Reputation: 175
I would like to run many regression models automatically and test this and save fitted and residuals on the original file.
I mean that I would like to test all possible regression models over the data.
For example, X1=X2+X3...and X2=X1+X3...and X3=X1+X2...
And then add fitted values and residual values of each model.
I have a file like this.
test<-data.frame(X1=rnorm(50,mean=50,sd=10),
X2=rnorm(50,mean=5,sd=1.5),
X3=rnorm(50,mean=200,sd=25))
test$X1[10]<-5
test$X2[10]<-5
test$X3[10]<-530
I run all possible regression models.
varlist <- names(test)
models <- lapply(varlist, function(x) {
lm(substitute(i~., list(i = as.name(x))), data = data
})
I got fitted and residuals from each regression model.
lapply(models,residuals)
lapply(models, fitted)
However, I would like to save all residuals and fitted values on the original data.

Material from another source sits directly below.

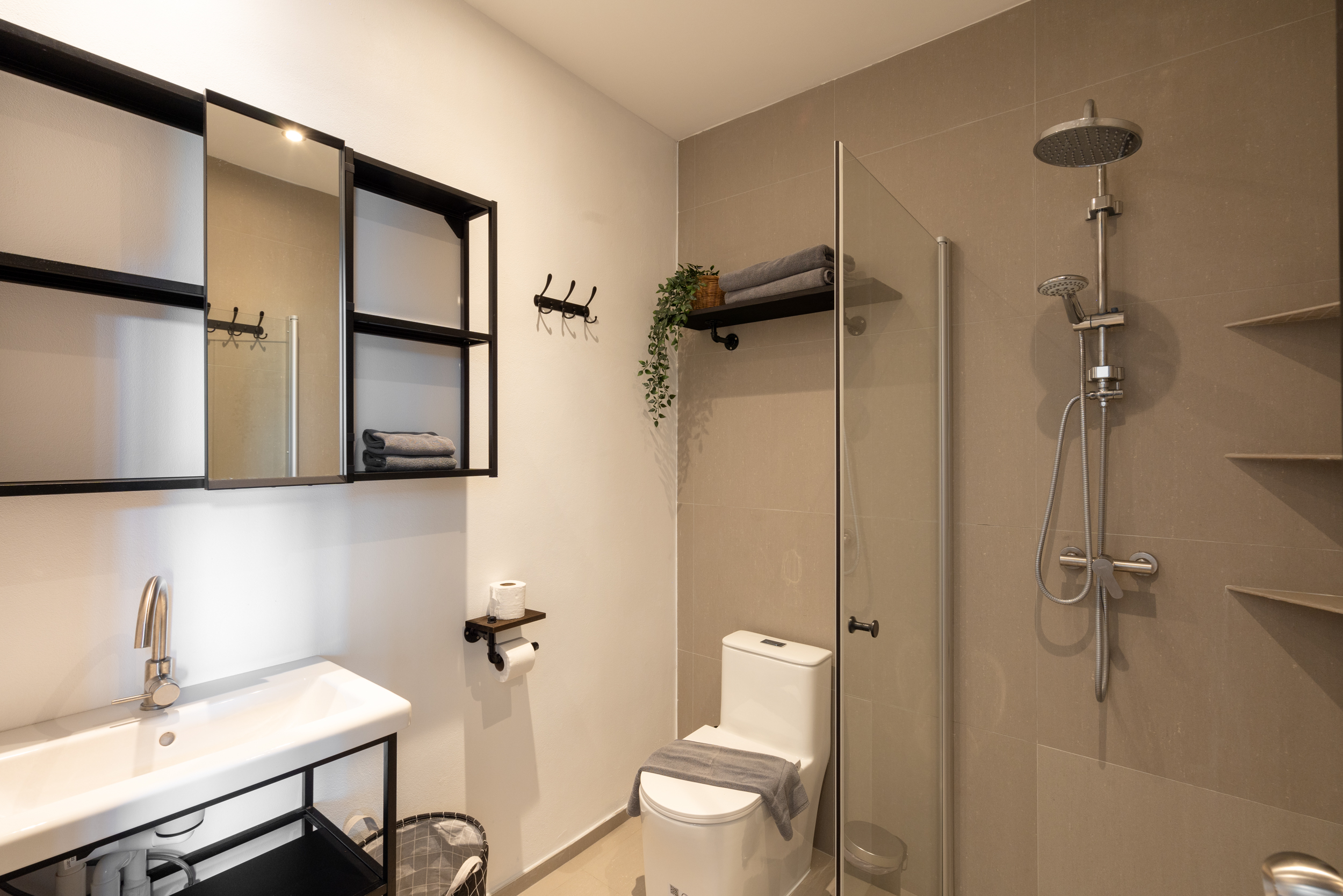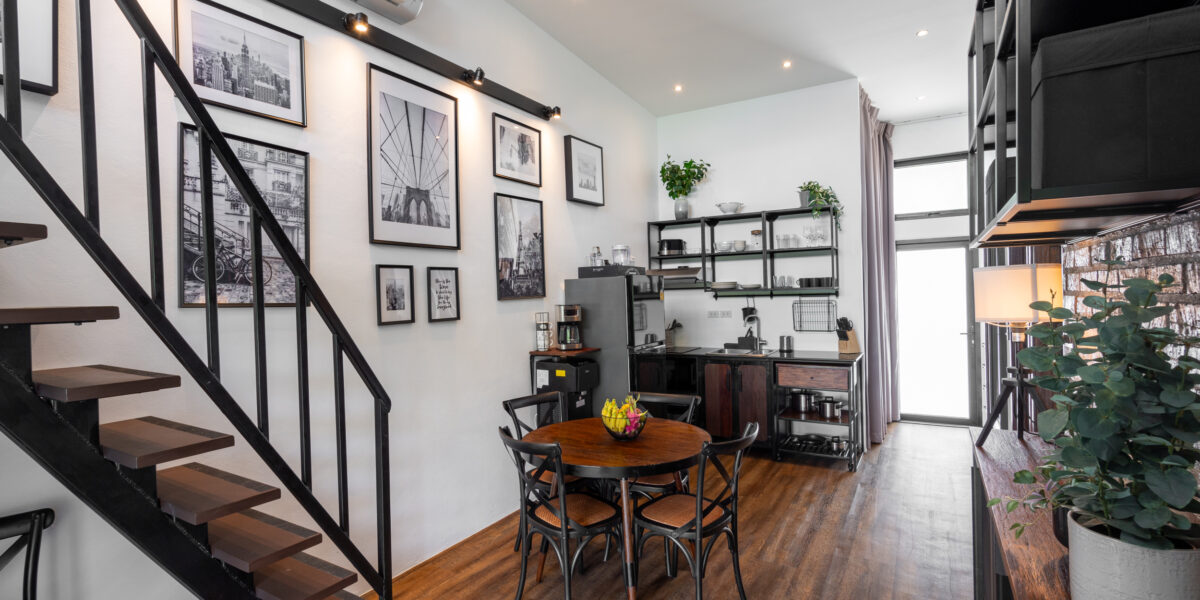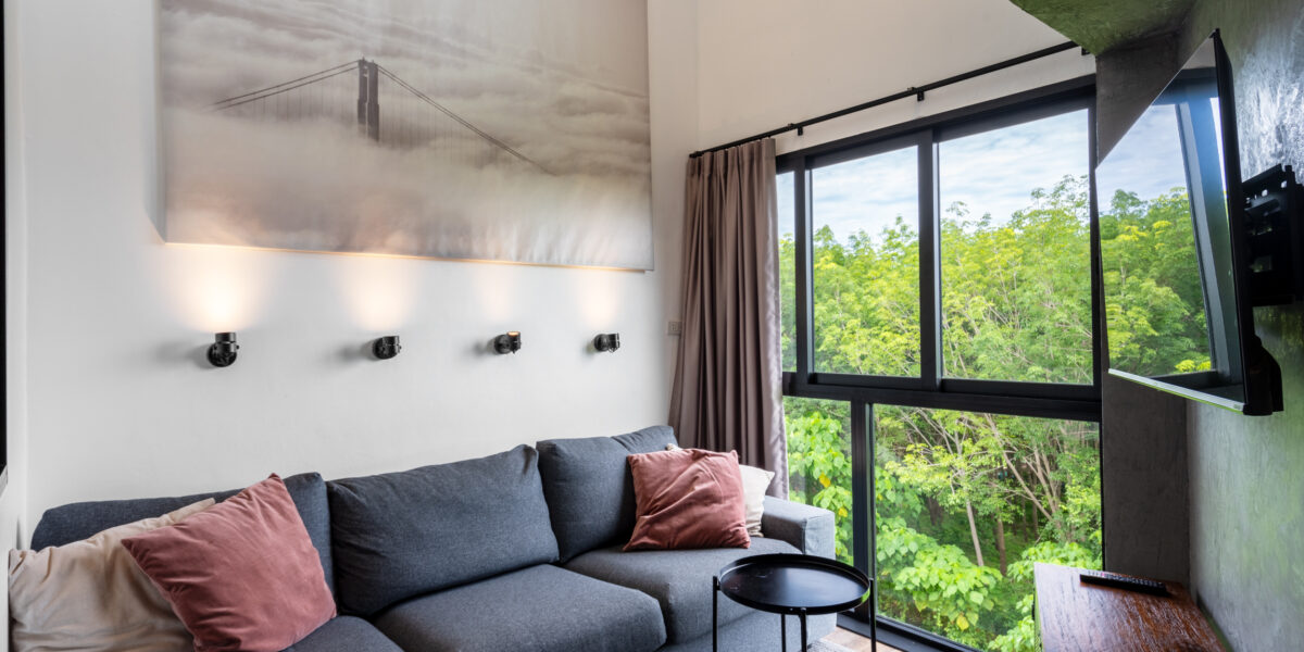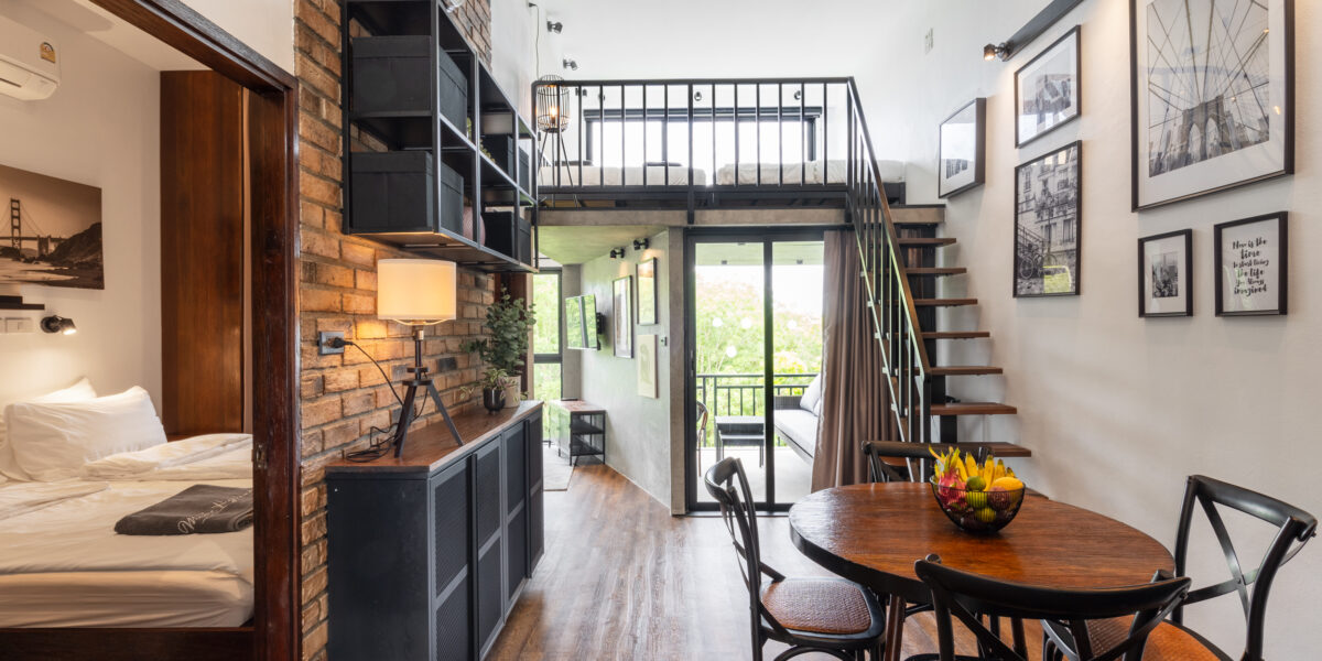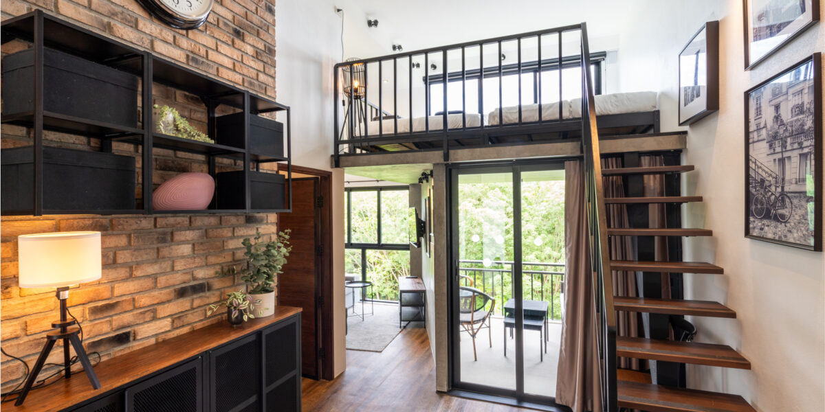 Welcome to Apartment I3 – a 57 sqm split-level home that blends industrial design with modern comfort, perfect for a medium-sized family or group. With high ceilings, large windows, and a cozy loft, this thoughtfully designed space offers a bright, airy atmosphere and stunning views of the surrounding jungle.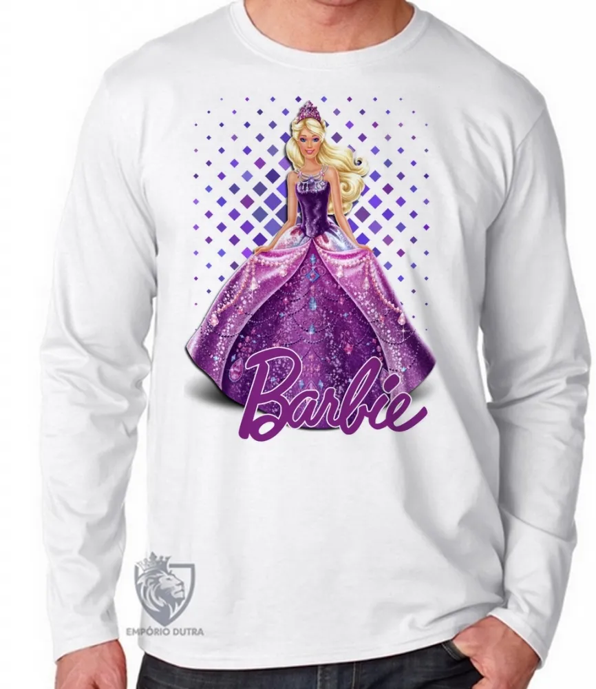 Camiseta manga longa Infantil ou Adulto Barbie roxa boneca

Is it possible to make the final data like this?
X1 X2 X3 Residual1 Residual2 Residual3 Fitted1 Fitted2 Fitted3
So that residual1
is from model1
, residual2
is from model2
, etc.
Upvotes: 1
Views: 413
Reputation: 18437
I'm sure it's possible to have more compact code but you can try something like this
set.seed(1)
test <- data.frame(X1 = rnorm(50, mean = 50, sd = 10),
X2 = rnorm(50, mean = 5, sd = 1.5),
X3 = rnorm(50, mean = 200, sd = 25))
test$X1[10] <- 5
test$X2[10] <- 5
test$X3[10] <- 530
fitted_list <- lapply(names(test), function(x)
fitted(lm(as.formula(paste(x, ".", sep = "~")),
data = test)))
resid_list <- lapply(names(test), function(x)
resid(lm(as.formula(paste(x, ".", sep = "~")),
data = test)))
res <- do.call(cbind, c(fitted_list, resid_list))
res <- cbind(test, res)
names(res) <- paste0(rep(c("X", "Fitted", "Resid"), each = 3), rep(1:3, 3))
str(res)
## 'data.frame': 50 obs. of 9 variables:
## $ X1 : num 43.7 51.8 41.6 66 53.3 ...
## $ X2 : num 5.6 4.08 5.51 3.31 7.15 ...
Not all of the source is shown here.